Of Arcs and Circles: Insights from Japan on Gardens, Nature, and Art
By Marc Peter Keane
Stone Bridge Presss (2022)
Review by Katie Croft
The title of this lovely book is somewhat misleading. Although I assume that it is literally true (i.e. that Keane was in Japan when he wrote it), it gives a prospective reader the impression that they are about to encounter some specifically Japanese socio-cultural-historical non-fiction: perhaps it will include a critique of different periods of Japanese art, or the history of the Japanese conception of nature? In fact, this is a collection of personal musings on Keane’s own life, his interactions with nature and culture and his observations on the wider world.
Keane is a successful landscape architect, artist and author who has been living and working in Japan for decades. He has written eight previous books, including an introduction to Japanese gardens, an explanation of the tea garden and a translation of the Sakuteiki with Jiro Takei. Those who have read 2002’s The Art of Setting Stones will be familiar with the style of Keane’s gently humorous prose and optimistic observations.
The essays in this collection range from the specific and tangible to the metaphysical, often in the same paragraph. A description of a momentary sight of a heron flying above the surface of a river leads to a discussion about symmetry in the natural world; seeing a house in the process of demolition leads to a critique of modern Japan’s approach to architecture alongside theories of transience, value and care. Keane’s conceptual wanderings are grounded in the real world so the reader is never left adrift; questions of existence are balanced by asides on topics such as the history of torii gates or the traditional methods of making charcoal. The quality of his writing makes it thoroughly enjoyable to follow Keane’s flow of thought from a woman on a subway platform to the best place to pitch a tent and onwards to the evolution of hunter-gatherer society, but I am left wondering what it must be like inside his mind, and if he ever just sees a thing as a thing.
Keane’s writings on culture and nature have the thoughtfulness which is surely only available to an outsider who can examine their surroundings with fresh eyes, unencumbered by habituation. Of course, this is an extremely knowledgeable outsider, and as such, his writing weaves deep understanding of Japan with his personal experiences to give a universal perspective which would appeal whether one has an interest in Japan or not. I particularly enjoyed the essay “there is no such thing as art,” which argues passionately for the need to return to craftsmanship, communication, beauty and emotional experience as the primary values of art.
Amongst the discerning and delightful of Keane’s writings, however, there are a few moments where he falls into the tempting rabbit hole of pseudo-philosophy. The scientist in me raised her eyebrows at a passage arguing for the supremacy of one state of matter over another: ‘suspended in a dream of melting into the river… it occurred to me why there is such a strong connection between water and life… Solids are too fixed… Gases are too dispersed to be the foundation of life… Liquids on the other hand, offer the kind of density required for the development of an organism but also have the fluid nature that supports the various chemical and physical interactions from which life is born’. Forgive me for being literal but life on earth does fundamentally rely on all forms of matter; postulating otherwise detracts from the pleasure of his precise insights. Luckily, there are only a few moments that stretch credulity, which did not undermine my overall enjoyment of the book.
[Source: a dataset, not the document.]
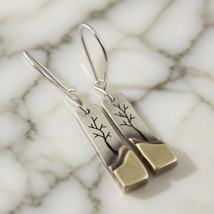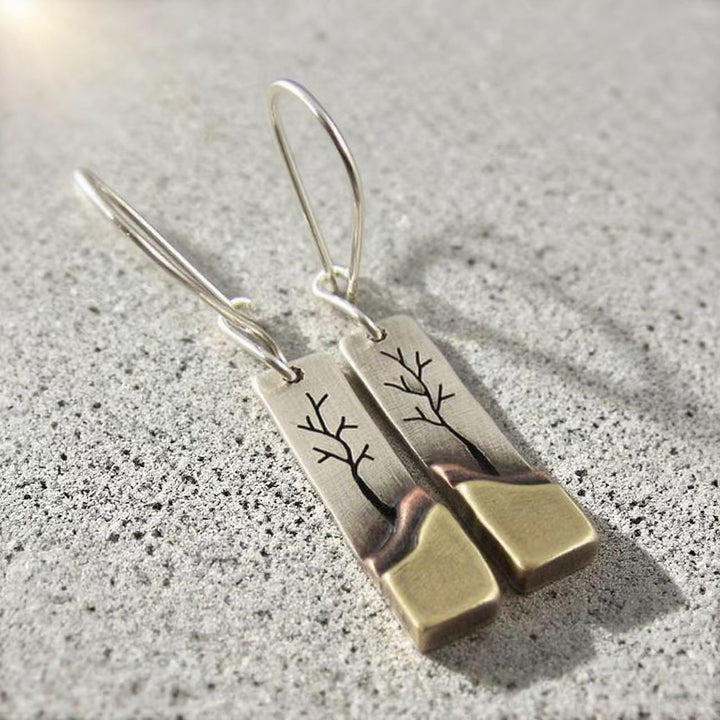 Handmade Vintage Silver and Copper Tree Earrings for Women

Although each essay is ostensibly on a separate subject, they are united by Keane’s desire to help us to see and value the connection between humanity and nature. With every phrase, Keane invites us to look at the world around us, and to look better at it. While admiring the beauty of a willow tree, he interrogates the failure of names to signify the complete reality of existence. In a discussion on Japanese poetry, he implores us to be aware of the deeper experiences available to us: ‘the world holds these hidden messages by the bagful. It’s just a question of knowing how to look. Or, rather, to be willing to look. To be open to their revelations.’ Keane’s light-hearted accounts of the pleasure he gains from the world around him leads the reader gently towards a desire to look deeper, whilst avoiding condescension or evangelism. The threads running through the book come together in the final essay, where he elucidates his understanding of the Buddhist concept of emptiness: that ‘all existence is dependent on a web of interconnections’. Whilst admitting the near impossibility of it, Keane hopes that humans will one day learn ‘to truly see the world as it exists with infinitely layered connections’. His optimistic message feels like the right one for our times: if we learned to understand the relationships that stretch from our single self to all other beings, the world would be a kinder place.